US 12,443,396 B2
Identification of relevant code block within relevant software package for a query
Carl Emil Orm Wareus, Malmo (SE); Nils Valdemar Barr Zeilon, Kista (SE); and Per Filip Heden, Kista (SE)
Assigned to Micro Focus LLC, Santa Clara, CA (US)
Filed by MICRO FOCUS LLC, Santa Clara, CA (US)
Filed on Nov. 23, 2022, as Appl. No. 17/993,508.
Prior Publication US 2024/0168728 A1, May 23, 2024
Int. Cl.
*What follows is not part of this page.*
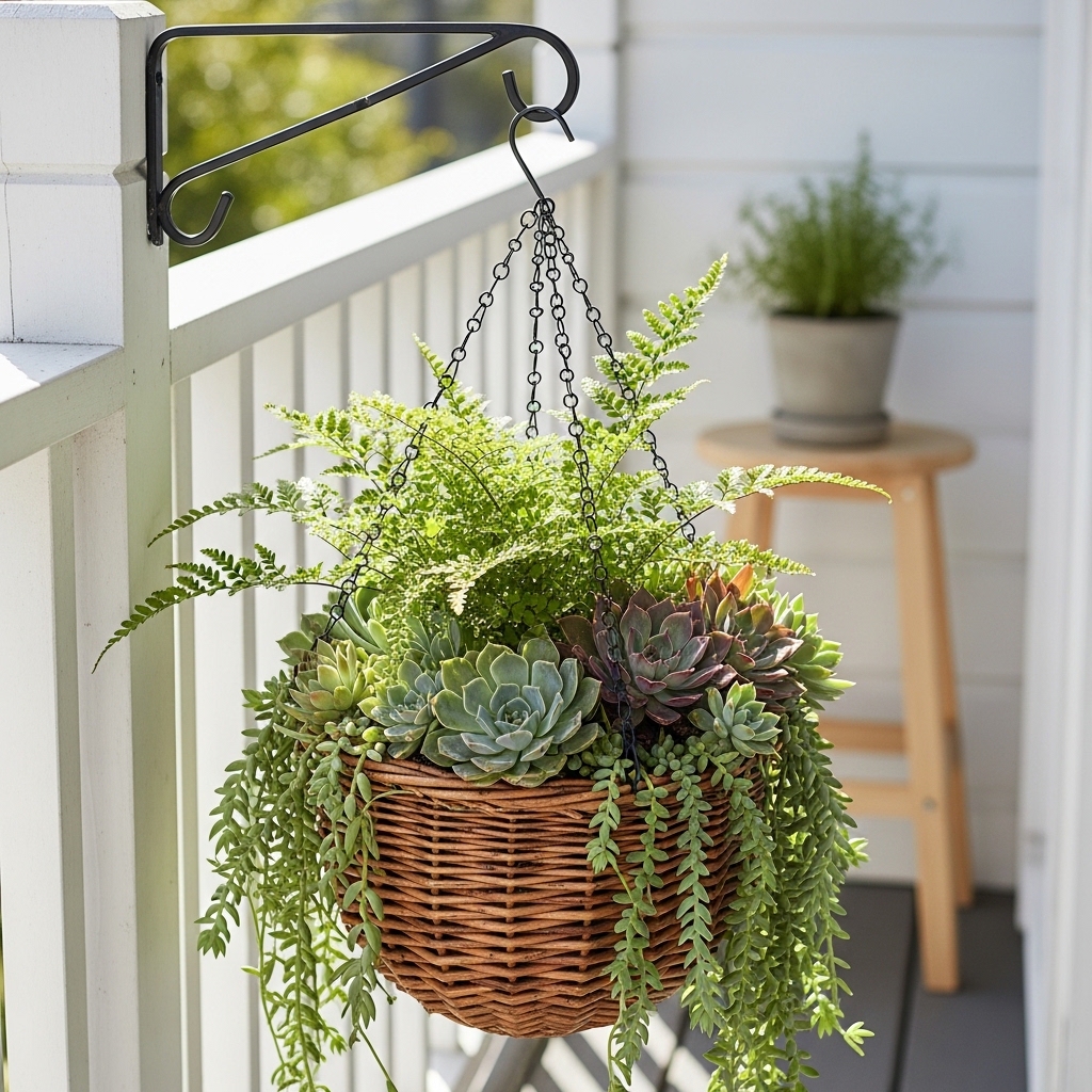 This works because hanging planters use overhead space that nothing else can occupy in tiny balconies.

G06F 8/36 (2018.01); G06F 8/73 (2018.01); G06F 16/2455 (2019.01); G06F 16/28 (2019.01)
CPC G06F 8/36 (2013.01) [G06F 8/73 (2013.01); G06F 16/2455 (2019.01); G06F 16/285 (2019.01)] 15 Claims
OG exemplary drawing
 
1. A method comprising:
for each of a plurality of software packages:
generating, by a processor, code block embeddings respectively representing a plurality of code blocks of the software package, wherein:
the software package comprises source code in a computer programming language that is interpretable or compilable for execution by a computing device,
the plurality of code blocks each correspond to a function, class, object, or method of the source code that is individually reusable in development of a software project, and
the code block embeddings each comprise a vector of programming language syntax present in the source code of a corresponding one of the elesk the blocks represented by the code block embedding;
clustering, by the processor, the code block embeddings into functionality clusters;
generating, by the processor, functionality, wherein:
the functionality embeddings each represent a corresponding one of the functionality clusters,
the functionality embeddings each comprise a vector, and
each functionality embedding is generated by combining the vectors of the code block embeddings of the functionality cluster into the vector of the functionality embedding representing the corresponding one of the functionality clusters that is represented by the functionality embedding;
generating, by the processor, a software package embedding representing the software package, using either the functionality embeddings or both the functionality embeddings and the code block embeddings, wherein:
the software package embedding comprises a vector, and
the software package embedding is generated at least by combining the vectors of
the functionality embeddings into the vector of the software package embedding;
storing, by the processor, the software package embedding, the functionality embeddings, and the code block embeddings in a database;
generating, by the processor, a query embedding representing a query;
querying, by the processor, the database using the query embedding to identify a relevant code block within a relevant software package for the query; and
returning, by the processor, the relevant code block within the relevant software package that has been identified.